Comparison of LMO2 expression in B-ALL, T-ALL, DLBCL and B-cell precursors
Similar levels of LMO2 expression were observed in primary B-ALL samples [2.13 (0.21–20.04)] and B-ALL cell lines [1.63 (0.21–17.54)] (P=0.986) as well as in the pre-B cell precursor subpopulation [1.71 (1.10–2.32)] (P=0.566) (Figure 1). Next, we compared LMO2 expression between cell lines of different origins. LMO2 expression tended to be lower in T-ALL [0.71 (0.00–3.11)] and GCB-DLBCL [1.45 (0.03–4.41)] cell lines compared to B-ALL cell lines but the difference did not reach statistical significance (P=0.151 and P=0.080, respectively) (Figure 1). As expected, LMO2 expression in ABC-DLBCL cell lines [0.02 (0.00–1.41)] was lower compared to B-ALL and GCB-DLBCL cell lines (P=0.018 and P=0.035, respectively).
Immunophenotypical and cytogenetic subgroups of B-ALL exhibit variable levels of LMO2 expression
LMO2 expression was significantly higher in B-ALL patients than in T-ALL patients [1.66 (0.04–10.90) vs. 0.70 (0.04–10.00), P=0.010] (Figure 2A). Cytogenetic and molecular data on the B-ALL cases allowed the distinction of six specific genetic subgroups with hyperdiploidy, BCR-ABL rearrangement, TEL-AML1 rearrangement, translocations involving the MLL locus, normal karyotype and cases with miscellaneous alterations. B-ALL cases with BCR-ABL rearrangement or hyperdiploid karyotype showed the lowest LMO2 expression values [0.84 (0.00–3.30) and 0.80 (0.10–7.80) respectively], while all the remaining cases, including those with MLL translocations [1.92 (0.10–10.90)] or TEL-AML1 rearrangement [1.91 (0.10–5.40)] exhibited higher levels of LMO2 expression (P=0.001) (Figure 2B).
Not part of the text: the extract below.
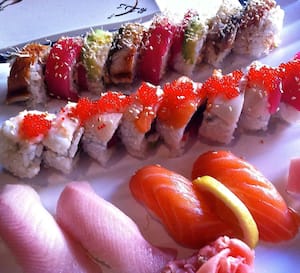 Juicy seafood lobster tenders scallops shrimp stir fried vegetables and sashimi. Grilled salmon 3 pieces of shrimp tempura and 3 pieces of fried calamari. Sushi Bars Teppanyaki Japanese.

B-ALL patient samples were also subclassified in four different immunophenotypical subgroups (pro-B, common-CD10+, pre-B and mature). Among these subgroups, pro-B cell ALL showed the highest LMO2 expression [4.49 (0.90–10.90)] while B-ALL with common-CD10+ immunophenotype [1.96 (0.10–7.80)], pre-B cell ALL [1.42 (0.20–5.70)] and mature B-ALL [1.10 (0.50–2.70)] had lower expression (P<0.001) (Figure 2C). Notably, the difference in LMO2 expression between the pro-B and pre-B leukemia immunophenotypes resembled the decrease in LMO2 expression observed upon transition of pro-B to pre-B cells in normal bone marrow (Figure 1).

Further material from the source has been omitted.